Supplied data –
§ §

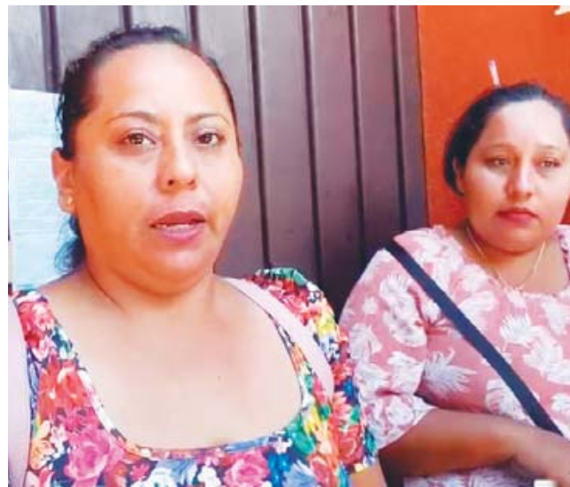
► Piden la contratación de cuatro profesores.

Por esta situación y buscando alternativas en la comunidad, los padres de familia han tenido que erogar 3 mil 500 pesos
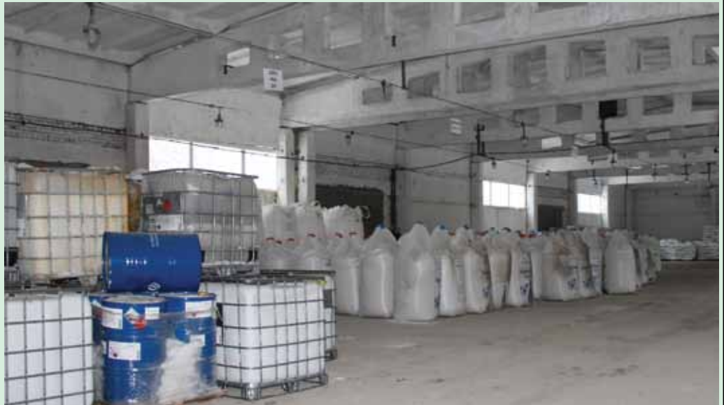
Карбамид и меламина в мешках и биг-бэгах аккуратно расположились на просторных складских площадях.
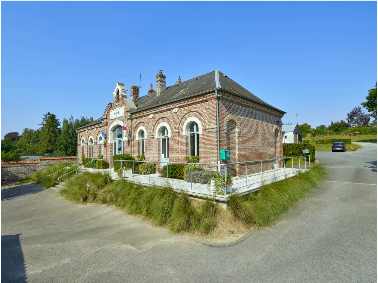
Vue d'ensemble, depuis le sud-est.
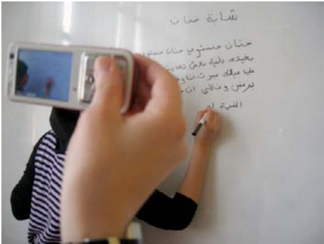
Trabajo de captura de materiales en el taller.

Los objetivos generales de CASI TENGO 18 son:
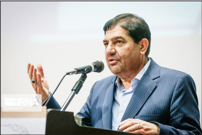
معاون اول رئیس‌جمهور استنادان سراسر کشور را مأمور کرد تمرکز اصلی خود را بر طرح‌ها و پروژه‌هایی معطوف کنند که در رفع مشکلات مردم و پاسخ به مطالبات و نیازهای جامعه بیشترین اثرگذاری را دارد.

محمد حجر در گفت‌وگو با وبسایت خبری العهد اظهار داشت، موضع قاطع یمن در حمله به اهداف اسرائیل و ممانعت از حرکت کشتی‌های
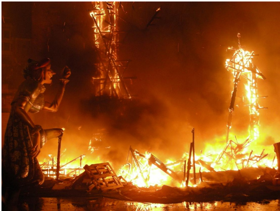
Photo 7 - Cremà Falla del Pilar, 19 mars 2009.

§ §

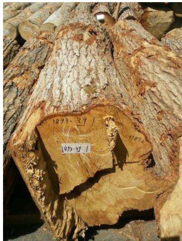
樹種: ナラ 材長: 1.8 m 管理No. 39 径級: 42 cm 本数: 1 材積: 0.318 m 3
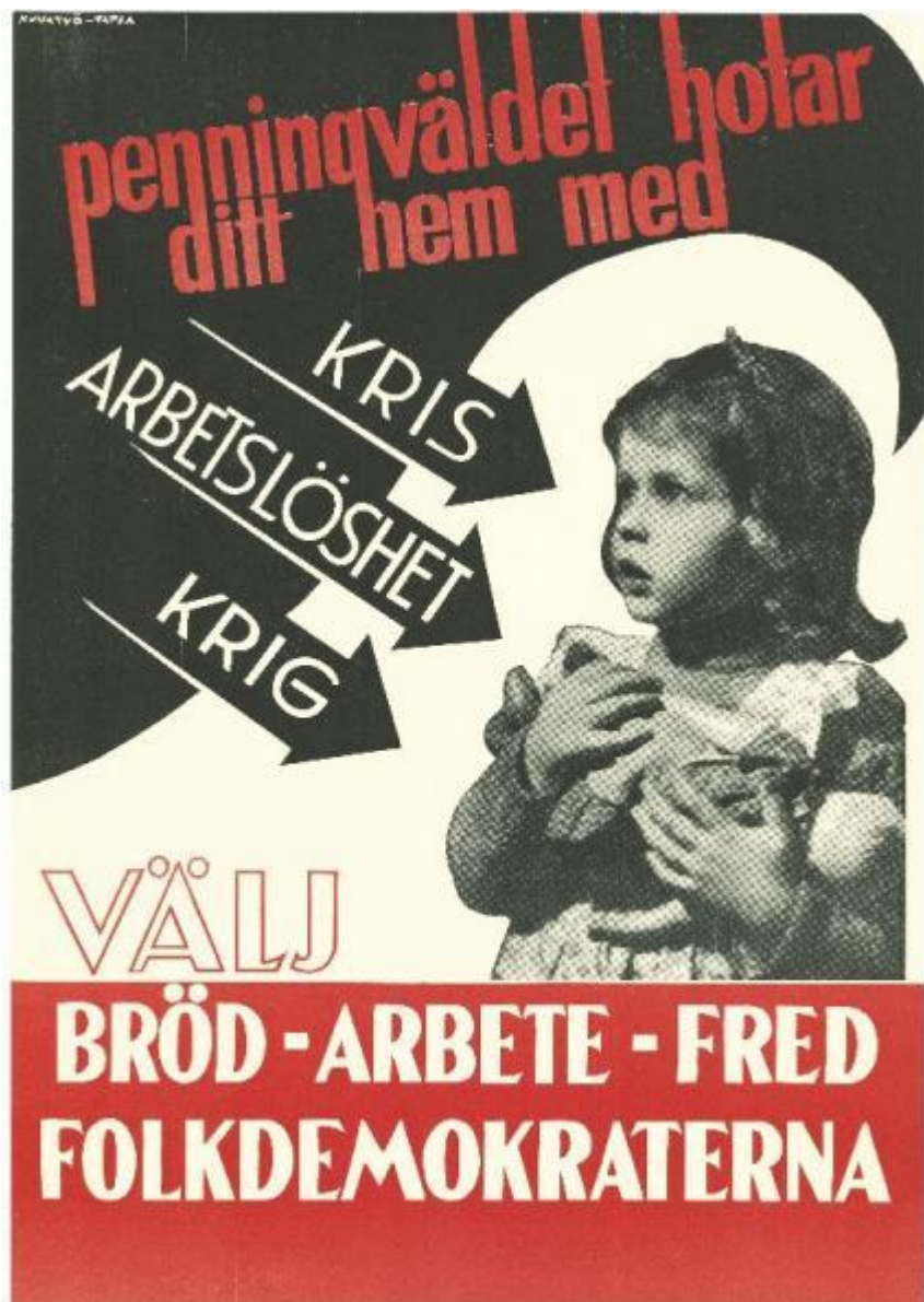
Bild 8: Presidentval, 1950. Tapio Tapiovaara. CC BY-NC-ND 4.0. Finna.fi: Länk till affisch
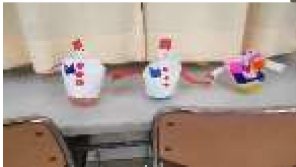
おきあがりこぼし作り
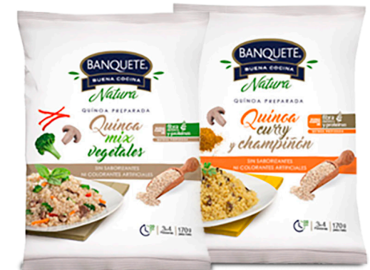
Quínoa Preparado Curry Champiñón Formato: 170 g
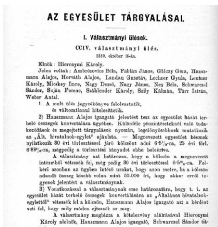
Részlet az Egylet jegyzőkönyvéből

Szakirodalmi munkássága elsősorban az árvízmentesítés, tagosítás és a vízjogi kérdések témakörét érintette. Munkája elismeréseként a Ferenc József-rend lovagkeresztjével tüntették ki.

§ §

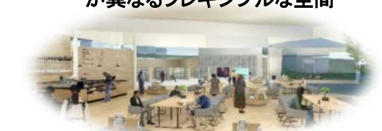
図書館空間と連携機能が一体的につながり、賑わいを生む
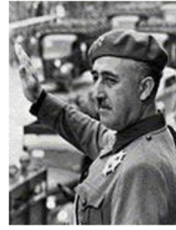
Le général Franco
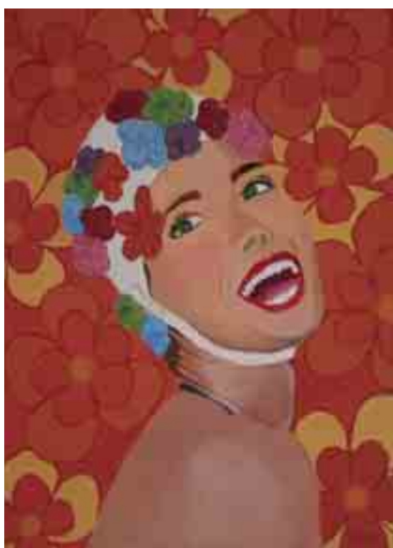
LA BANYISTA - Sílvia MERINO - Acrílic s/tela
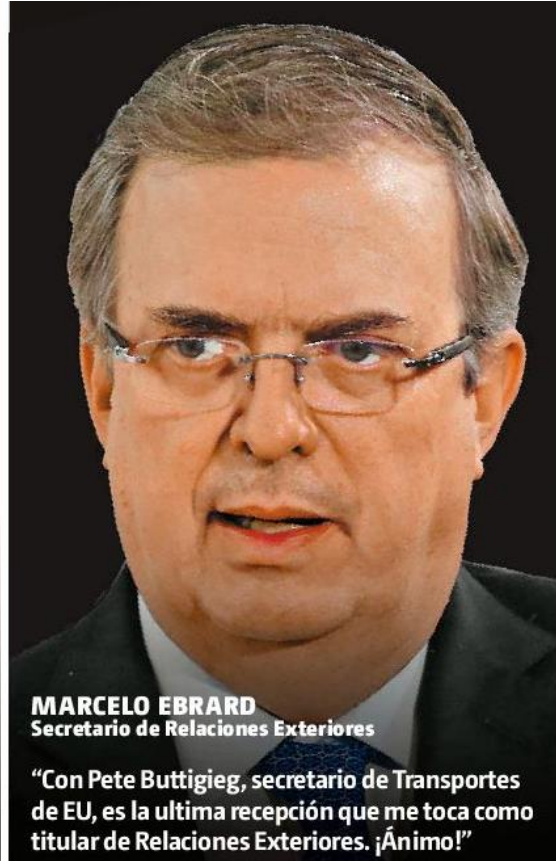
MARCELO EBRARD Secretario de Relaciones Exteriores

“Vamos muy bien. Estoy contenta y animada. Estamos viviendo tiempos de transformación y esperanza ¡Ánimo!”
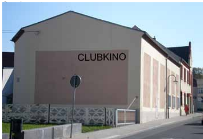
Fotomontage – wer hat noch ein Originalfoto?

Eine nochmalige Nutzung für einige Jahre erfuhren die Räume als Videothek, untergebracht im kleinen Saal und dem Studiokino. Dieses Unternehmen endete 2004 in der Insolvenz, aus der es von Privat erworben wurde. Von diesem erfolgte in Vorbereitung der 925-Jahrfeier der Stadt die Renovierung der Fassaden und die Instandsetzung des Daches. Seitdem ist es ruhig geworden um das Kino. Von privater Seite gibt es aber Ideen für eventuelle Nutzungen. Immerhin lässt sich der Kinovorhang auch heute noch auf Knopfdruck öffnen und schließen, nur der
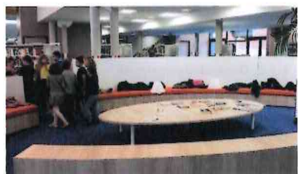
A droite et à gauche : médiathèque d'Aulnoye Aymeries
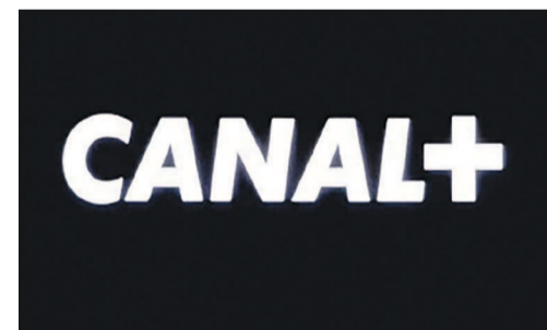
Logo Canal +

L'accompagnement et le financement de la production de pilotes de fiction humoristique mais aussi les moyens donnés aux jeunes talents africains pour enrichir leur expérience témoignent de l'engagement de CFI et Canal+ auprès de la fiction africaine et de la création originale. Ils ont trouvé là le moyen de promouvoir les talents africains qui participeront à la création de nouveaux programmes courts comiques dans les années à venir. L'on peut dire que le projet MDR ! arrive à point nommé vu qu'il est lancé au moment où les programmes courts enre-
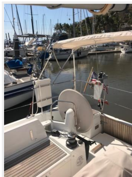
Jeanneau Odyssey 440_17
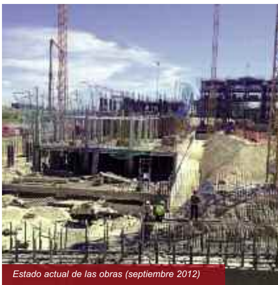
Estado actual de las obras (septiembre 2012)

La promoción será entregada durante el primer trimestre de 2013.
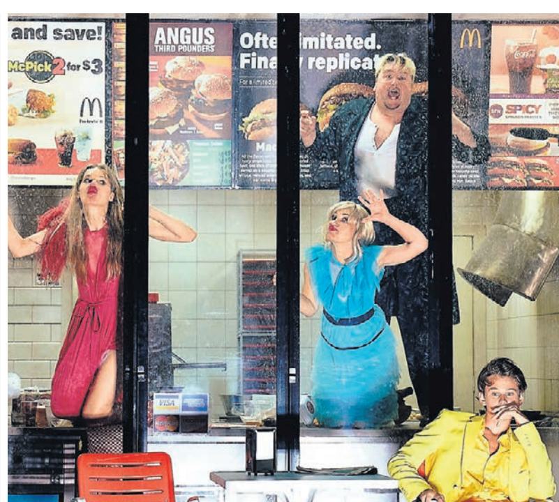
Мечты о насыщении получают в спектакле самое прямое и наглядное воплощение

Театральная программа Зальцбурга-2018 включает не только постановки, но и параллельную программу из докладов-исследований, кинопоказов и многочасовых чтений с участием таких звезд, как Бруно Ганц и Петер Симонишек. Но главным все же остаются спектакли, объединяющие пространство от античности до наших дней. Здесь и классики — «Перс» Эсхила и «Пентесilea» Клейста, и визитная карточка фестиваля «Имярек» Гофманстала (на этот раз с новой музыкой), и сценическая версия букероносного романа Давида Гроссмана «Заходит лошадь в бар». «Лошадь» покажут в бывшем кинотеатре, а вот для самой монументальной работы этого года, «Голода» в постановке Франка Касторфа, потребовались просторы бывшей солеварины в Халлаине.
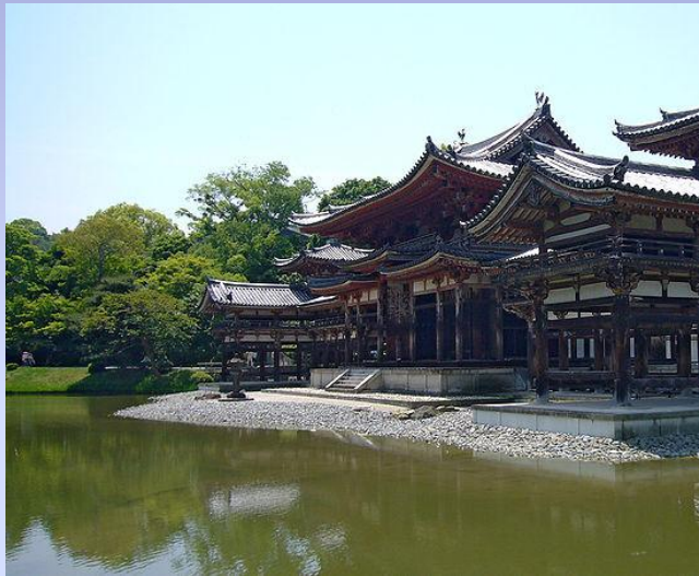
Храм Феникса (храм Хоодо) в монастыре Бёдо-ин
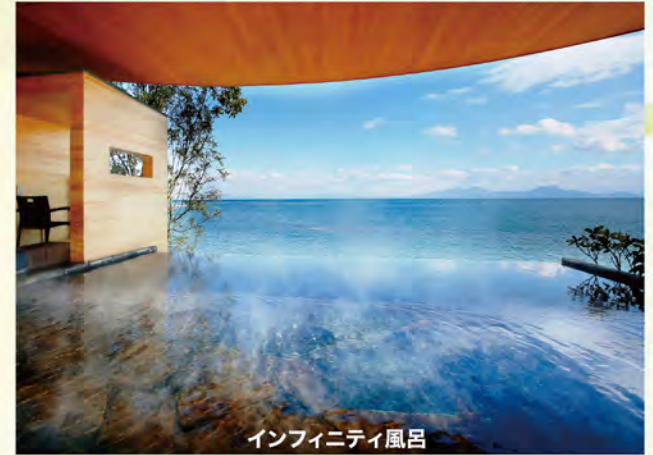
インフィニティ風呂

§ §

Task item –
The response must repeat exactly the lines above from the one with "La promoción será" through the one with "Мечты о насыщении", including both, and must contain no pictures and no other text.

Output for this exercise –
La promoción será entregada durante el primer trimestre de 2013.
Мечты о насыщении получают в спектакле самое прямое и наглядное воплощение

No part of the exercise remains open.